Loved ones beyond the veil of death are not lost to us. “Families are the basic organizational unit of the eternal realms, and so He (God, our Father) intends for them also to be the basic unit on earth.” (Pres. Eyring, April 2017)

In this week’s Come Follow Me lesson, we learn the joyful news of how that can happen through the practice of baptism for the dead. The second paragraph of “The Family: A Proclamation to the World” states:

“The divine plan of happiness enables family relationships to be perpetuated beyond the grave. Sacred ordinances and covenants available in holy temples make it possible for individuals to return to the presence of God and for families to be united eternally.”

Alongside the eternal blessings, there are practical ways we benefit from serving our ancestors.

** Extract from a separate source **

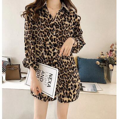 ブラウスデザインヒョウ柄長袖シャツレディース新作ヴィンテージミディアム丈シャツ
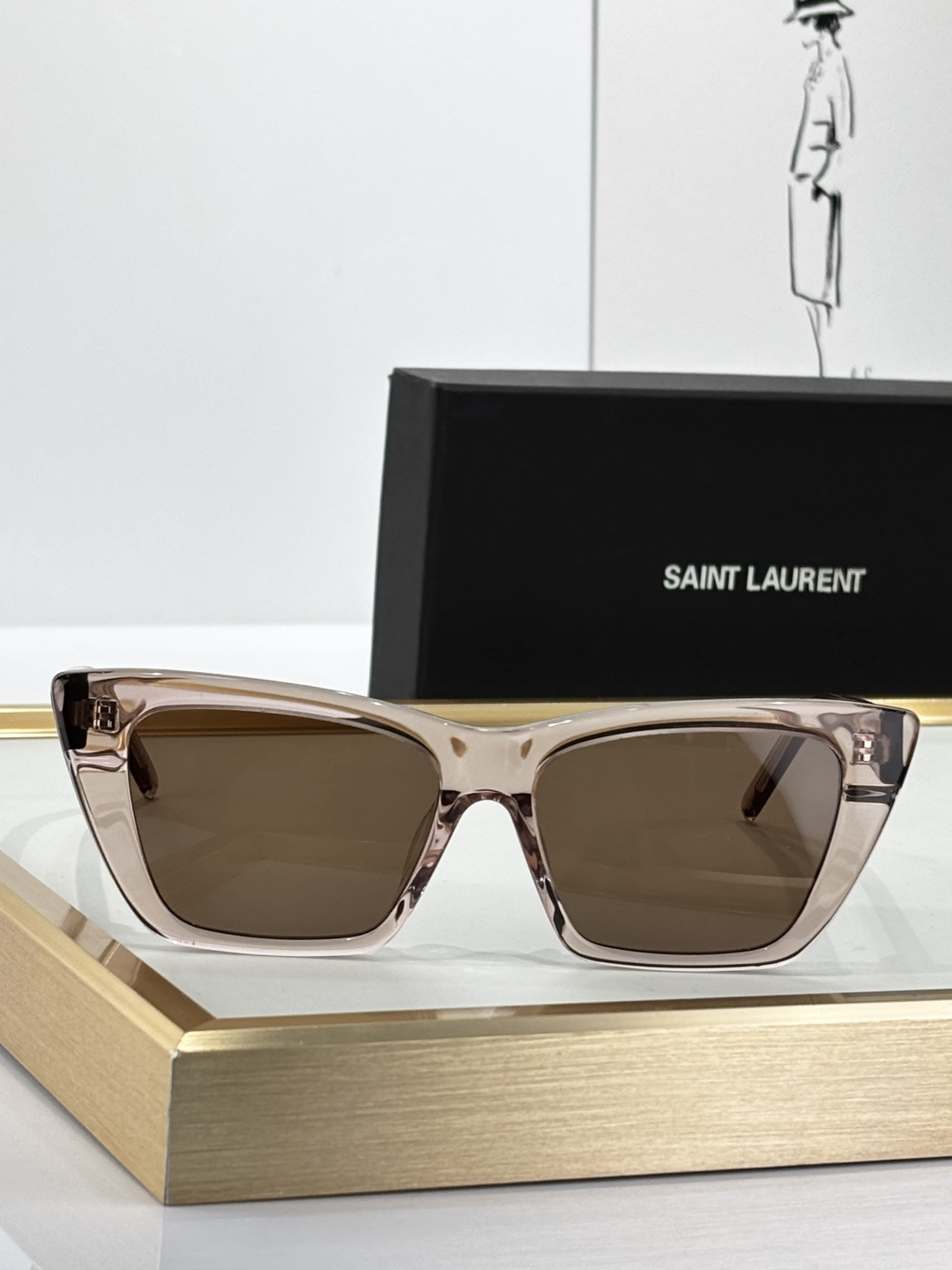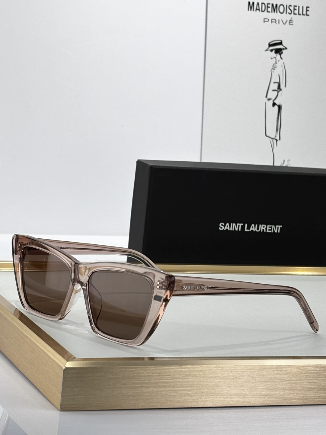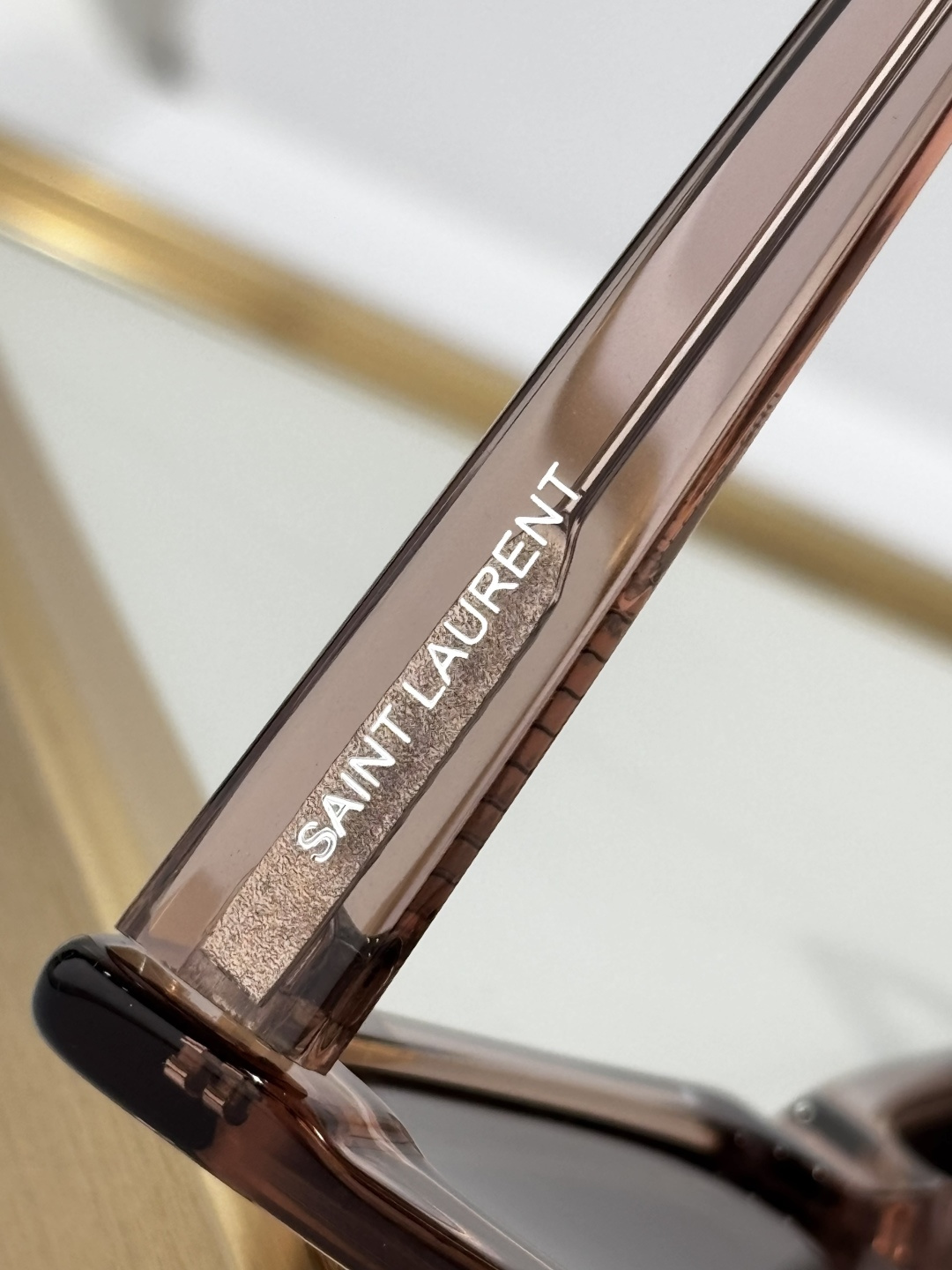 这款太阳眼镜是AAAAA 1:1 质量 (非常棒). 使用了和原版一模一样的材料. 商标部分也保持了和圣罗兰/Saint Laurent一样. 图片拍摄是实物太阳眼镜拍摄, 您所收到的实物保证和我们图片一模一样.

In this way, we come to know them:

“Stories of the familial past seem to provide a guide for adolescents’ developing sense of self and identity beyond everyday patterns of family interaction. Through sharing the past, families recreate themselves in the present, and project themselves into the future. Family stories are theorized to be a critical part of adolescents’ emerging identity and well-being. … Adolescents who report knowing more stories about their familial past show higher levels of emotional well-being, and also higher levels of identity achievement, even when controlling for general level of family functioning.”

Fivush, R., Duke, M., Candler, C.H., & Bohanek, J.G. (2010). The power of family history in adolescent identity and well-being.

Traditions and stories passed down can shape more than our perceptions. Because of what we learned in this week’s lesson, we know they can shape eternity.